Branch: refs/heads/master
Commit: 0557a45452f6e73877e5ec972110825ce8f3fbc5
Parents: d1d5069
Author: Yanbo Liang <[email protected]>
Authored: Fri Jul 29 04:40:20 2016 -0700
Committer: Sean Owen <[email protected]>
Committed: Fri Jul 29 04:40:20 2016 -0700

----------------------------------------------------------------------
 .../org/apache/spark/ml/clustering/BisectingKMeans.scala     | 2 ++
 .../org/apache/spark/ml/clustering/GaussianMixture.scala     | 8 +++++---
 .../main/scala/org/apache/spark/ml/clustering/KMeans.scala   | 2 ++
 .../main/scala/org/apache/spark/ml/feature/Interaction.scala | 1 +
 .../scala/org/apache/spark/ml/feature/MinMaxScaler.scala     | 1 +
 .../org/apache/spark/ml/feature/QuantileDiscretizer.scala    | 3 ++-
 .../main/scala/org/apache/spark/ml/feature/RFormula.scala    | 1 +
 .../scala/org/apache/spark/ml/feature/SQLTransformer.scala   | 1 +
 .../apache/spark/ml/regression/AFTSurvivalRegression.scala   | 4 ++--
 .../org/apache/spark/ml/regression/IsotonicRegression.scala  | 3 ++-
 10 files changed, 19 insertions(+), 7 deletions(-)

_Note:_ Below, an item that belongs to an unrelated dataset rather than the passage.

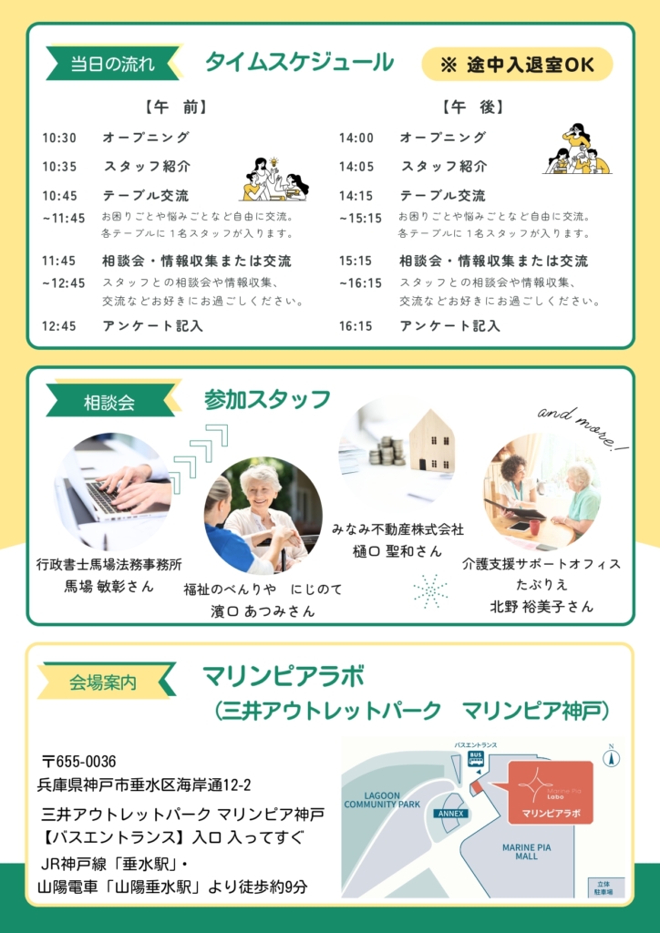 みなさまが日頃抱えておられる介護のお困りごとやお悩みを、参加者や専門家と交流しながらお話してみませんか?具体的なお困りごとがある方は、相談会で一対一で専門家にご相談できます。

----------------------------------------------------------------------


http://git-wip-us.apache.org/repos/asf/spark/blob/0557a454/mllib/src/main/scala/org/apache/spark/ml/clustering/BisectingKMeans.scala
----------------------------------------------------------------------
diff --git 
a/mllib/src/main/scala/org/apache/spark/ml/clustering/BisectingKMeans.scala 
b/mllib/src/main/scala/org/apache/spark/ml/clustering/BisectingKMeans.scala
index afb1080..a97bd0f 100644
--- a/mllib/src/main/scala/org/apache/spark/ml/clustering/BisectingKMeans.scala
+++ b/mllib/src/main/scala/org/apache/spark/ml/clustering/BisectingKMeans.scala
@@ -99,6 +99,7 @@ class BisectingKMeansModel private[ml] (
 
   @Since("2.0.0")
   override def transform(dataset: Dataset[_]): DataFrame = {
+    transformSchema(dataset.schema, logging = true)

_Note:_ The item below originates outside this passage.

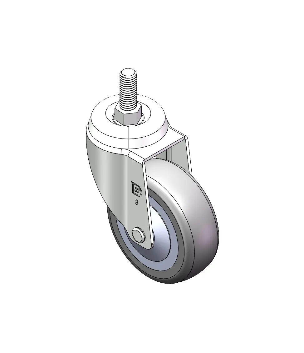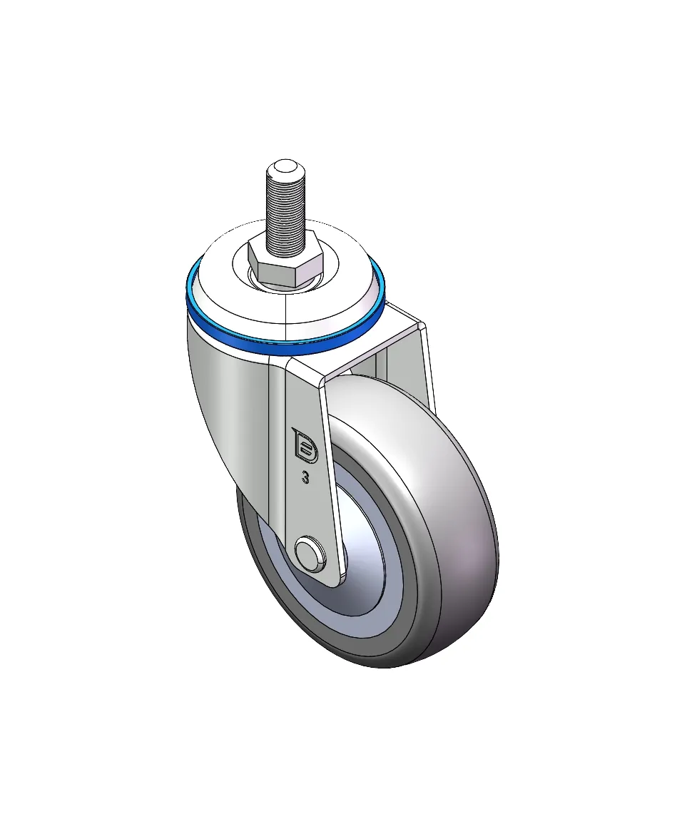 Swivel Caster, thread-Riveted Stamping Fork—M10-P1.5 Extended control lever surface, Mounting Type - Threaded Stem device + dust ring High-quality Impact Resistance Polypropylene Wheel Center,High-Quality Thermoplastic Rubber (TPR) Wheel Tread Pearl-colored dark gray, Bearing—Ball Bearing.

     val predictUDF = udf((vector: Vector) => predict(vector))
     dataset.withColumn($(predictionCol), predictUDF(col($(featuresCol))))
   }
@@ -222,6 +223,7 @@ class BisectingKMeans @Since("2.0.0") (
 
   @Since("2.0.0")
   override def fit(dataset: Dataset[_]): BisectingKMeansModel = {
+    transformSchema(dataset.schema, logging = true)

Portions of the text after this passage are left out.